A wind tunnel is an apparatus used to determine the complex interactions between a high-speed, velocity-controlled stream of air and the forces exerted on a solid object. The movement of air around an object, whether it is an airplane, bicycle, automobile, or person, is considered aerodynamic flow. When wind tunnel tests are performed on bicycles, they help to optimize the cyclist's position on the bicycle and to improve the aerodynamic design of bicycles, cycling equipment (such as bottles, wheels, helmets, and handlebars), and clothing. Thus, wind tunnels are important tools for maximizing performance in cyclists competing in such international bicycle races as the Tour de France.
The wind tunnel's structure consists of a large chamber where giant motor-driven blades are positioned at one end in order to simulate air flows comparable to actual wind conditions.
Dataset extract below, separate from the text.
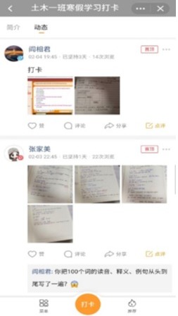 土建学院各团支部积极响应国家倡议,呼吁同学们勤洗手,勤锻炼,尽量不出门,出门戴口罩,在外不影响他人。同时为了在特殊时期里不浪费时间虚度光阴,各团支部开展形式多样的主题团日活动,建立寒假系列打卡小组,打卡内容涵盖专业学习、拓展阅读、体育锻炼、兴趣爱好、生活分享等,互相学习,互相监督。

The floor consists of a huge aerodynamic balance, where the smallest movement imposed on the test object can be measured, recorded, and analyzed by instruments and computers. Such equipment provides a relative measure of aerodynamic efficiency. The path of the air stream around the bicycle and/or cyclist can be studied by generating smoke streams to make the airflow visible, attaching materials (such as ribbons) that flow with the wind's direction, or using optical devices.
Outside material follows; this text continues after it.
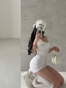 YoungGirlDay纯欲辣妹性感修身 显瘦肩带可调节蕾丝边吊带连体短裤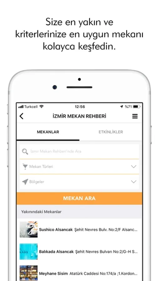 İzmir’de aradığınız hangi mekan olursa olsun bir tıkla ulaşabileceğiniz, önceden bilgi sahibi olabileceğiniz ve rahat bir seçim yapmanızı sağlayacak, bu şehir için yapılan en keyifli, en eğlenceli mekan platformunu oluşturduk.

Generally, a bicycle is secured on the floor of a wind tunnel with two struts—the front strut is attached to the hub of the front wheel and the rear strut is attached to the bicycle's frame. During the test, the wind speed and direction are changed to provide an assortment of force and moment of inertia data.
Results taken from wind tunnel tests have shown that only a minority of drag (about 30%) comes from the bike itself. The majority of drag (up to 70%) is due to the cyclist, primarily the position of the cyclist; the positioning of the cyclist's hands, forearms, and shoulders; and the amount of time spent to reach the best aerodynamic position. Specifically, tests have shown that for best aerodynamic position the cyclist's thumbs should be placed above the handlebar extensions and parallel with the road; forearms positioned parallel with the road; elbows in front of the knees; shoulders positioned low; and head positioned up and stationary.
Wind tunnel tests also show how to aerodynamically design clothing and equipment such as shoe covers and helmets in order to minimize drag. Such tests show that for the least amount of drag, the air should remain attached to a rider as much as possible, especially on the trailing side of the hips. Based on wind tunnel results, manufacturers use various orientations and types of textures to control airflow over rider wearing skin-tight clothing (commonly called skinsuits). Technology has advanced to the point that many skinsuit fabrics are considered better than shaved skin for aerodynamic flow.